PROVIDED DATA:
═══
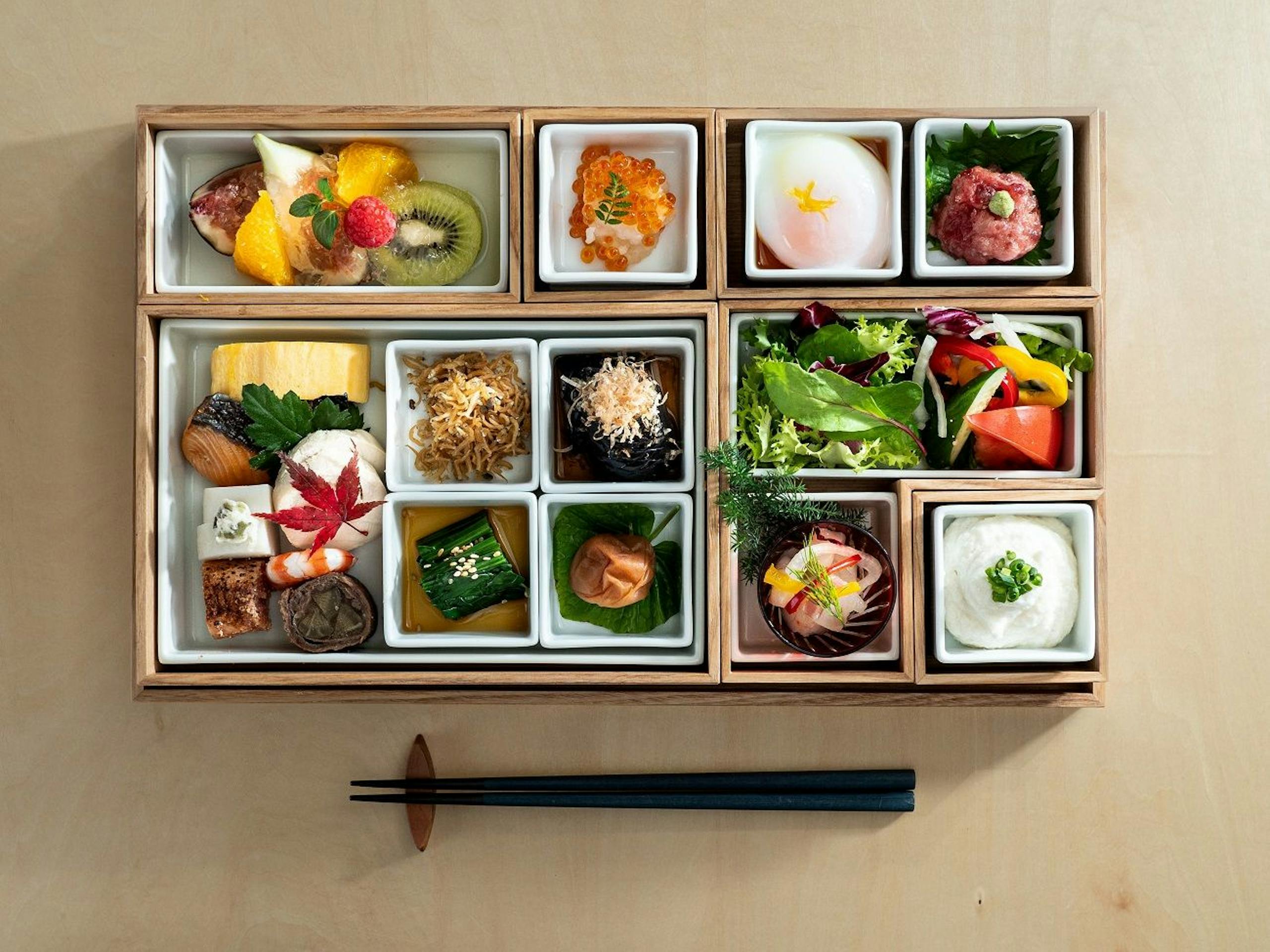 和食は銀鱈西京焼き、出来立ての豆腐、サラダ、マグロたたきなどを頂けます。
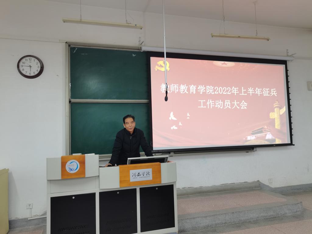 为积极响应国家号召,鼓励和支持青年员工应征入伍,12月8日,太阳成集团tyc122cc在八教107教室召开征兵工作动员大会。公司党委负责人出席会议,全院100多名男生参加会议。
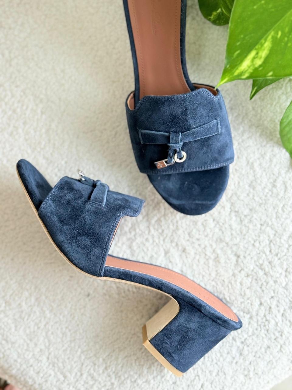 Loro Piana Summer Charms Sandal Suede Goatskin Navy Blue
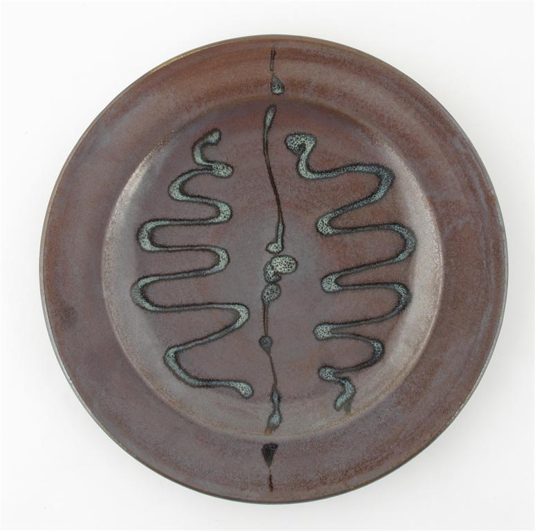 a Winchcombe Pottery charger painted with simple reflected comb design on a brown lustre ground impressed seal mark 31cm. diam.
═══
TASK:
All lines from the beginning of the material through the line that holds "Loro Piana Summer", both included, should be returned exactly; please omit any pictures and add no other lines.

COMPLETED EXERCISE:
 和食は銀鱈西京焼き、出来立ての豆腐、サラダ、マグロたたきなどを頂けます。
 为积极响应国家号召,鼓励和支持青年员工应征入伍,12月8日,太阳成集团tyc122cc在八教107教室召开征兵工作动员大会。公司党委负责人出席会议,全院100多名男生参加会议。
 Loro Piana Summer Charms Sandal Suede Goatskin Navy Blue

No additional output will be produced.